As D.W. notes, the distinction made between "bit-based" and "word-based" stream ciphers in the source you cite is irrelevant to the end-user. For both kinds of stream ciphers (as well as for block ciphers in streaming modes like CTR or OFB), the manner in which the keystream is combined with the plaintext is always the same: bitwise XOR, which operates at the bit level but is easily parallelized both in hardware and in software.
In any case, the actual distinction they seem to be making is between LFSR-based stream ciphers, which sequentially output one bit per iteration, and ciphers such as RC4 (and, presumably, block ciphers in streaming modes) which generate their output bitstream in larger chunks.
LFSR-based stream ciphers have generally been designed for direct hardware implementation, where they have the advantage of simplicity, but they've traditionally suffered from poor performance in software; whereas in hardware it's easy to shuffle single bits around and combine them using simple logic gates, typical CPUs are designed for carrying out higher-level operations on chunks of 8, 16, 32, 64 or 128 bits in parallel.
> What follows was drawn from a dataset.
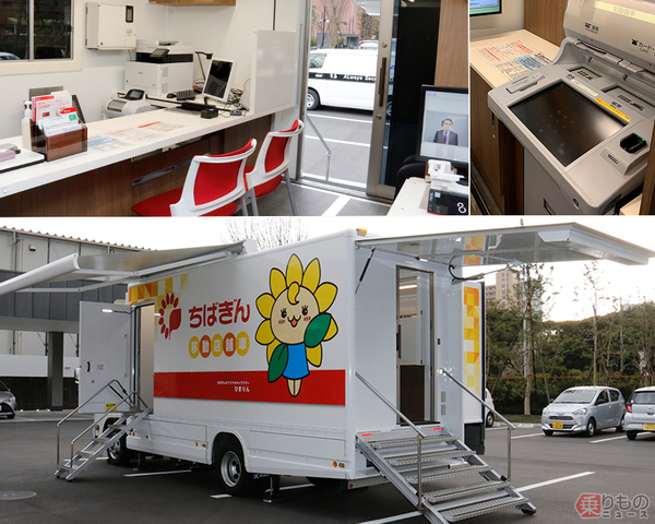 千葉銀行が移動店舗車を導入したのは2021年2月のこと。千葉銀行の車両は、3.5tトラックがベースで、ATMと窓口機能を搭載、入出金や振込みのほか、口座開設や税金の納付、公共料金の支払いなど幅広い業務が行えるのが特徴です。

Running a cipher that operates on single bits in software thus wastes most of the CPU's power, unless the algorithm can be reformulated to operate on many bits in parallel, something that many older LFSR-based cipher designs haven't been very well suited for.
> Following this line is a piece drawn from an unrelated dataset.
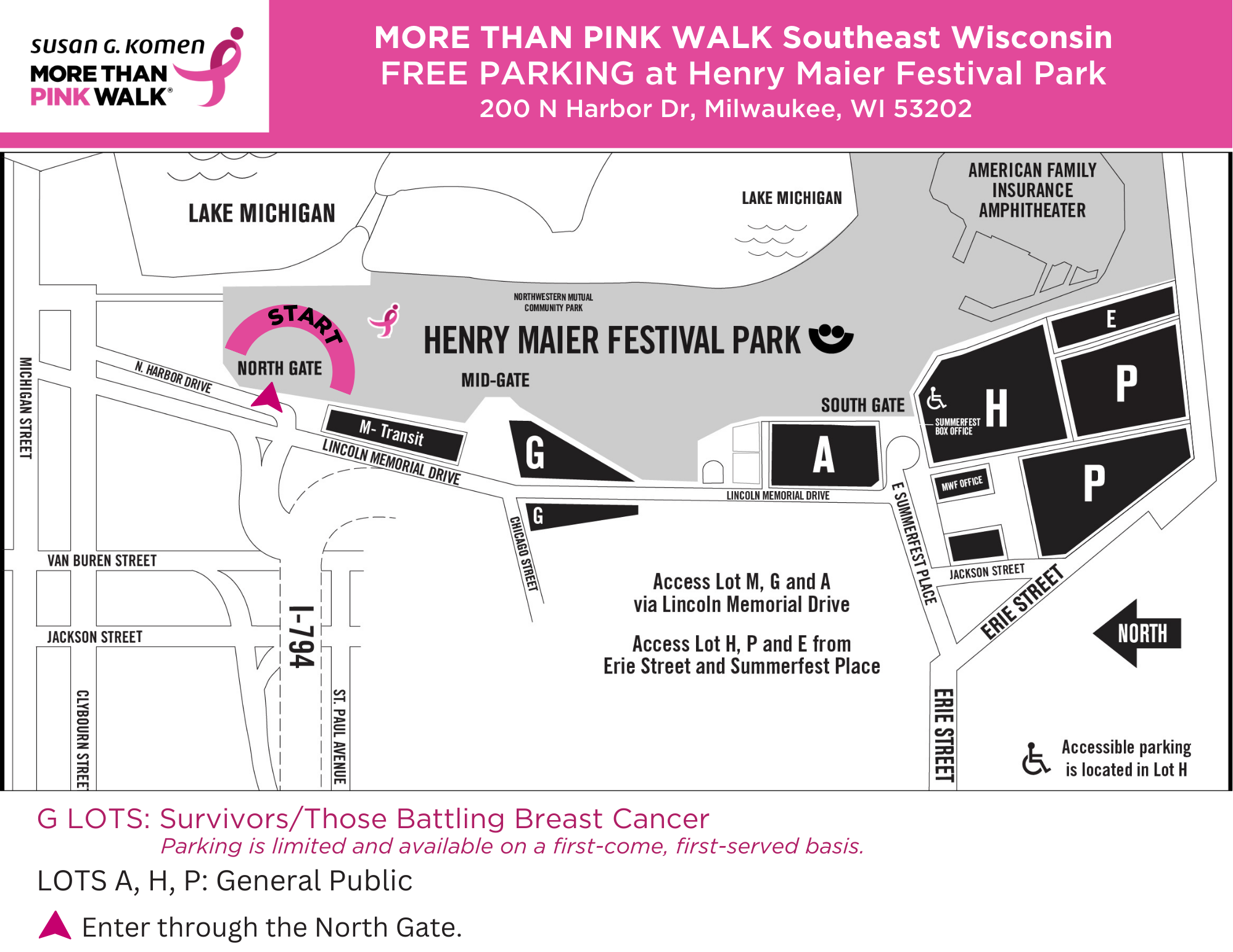 Free parking for all participants is located at Henry Maier Festival Park. A detailed parking map will be coming soon.

On the other hand, ciphers like RC4 were designed for software implementation from the beginning, and do very well there. (Although RC4 itself operates on 8-bit bytes, which is arguably suboptimal for modern high-end CPUs, its simplicity still keeps is competitive there. Besides, there are still plenty of 8-bit processors around in embedded devices and such.) However, they often make use of features that are difficult and costly to implement in hardware, such as access to relatively large amounts of RAM (e.g. 258 bytes for RC4, accessed in an essentially random order).
In recent years, though, the trend in stream cipher design has been towards ciphers that blur these lines, being efficient to implement in both hardware and software. Good examples can be found e.g. in the eSTREAM portfolio: the Trivium cipher, for example, is fundamentally a "bit-based" shift register design, and can indeed be implemented as such if desired; however, it is designed such that up to 64 bits of the output can be computed in parallel, which allows very efficient software implementations using any word length of up to 64 bits. (Conveniently, the same parallelizability also allows Trivium to be made very fast in hardware, by essentially duplicating the circuitry up to 64 times, as long as available space permits this.)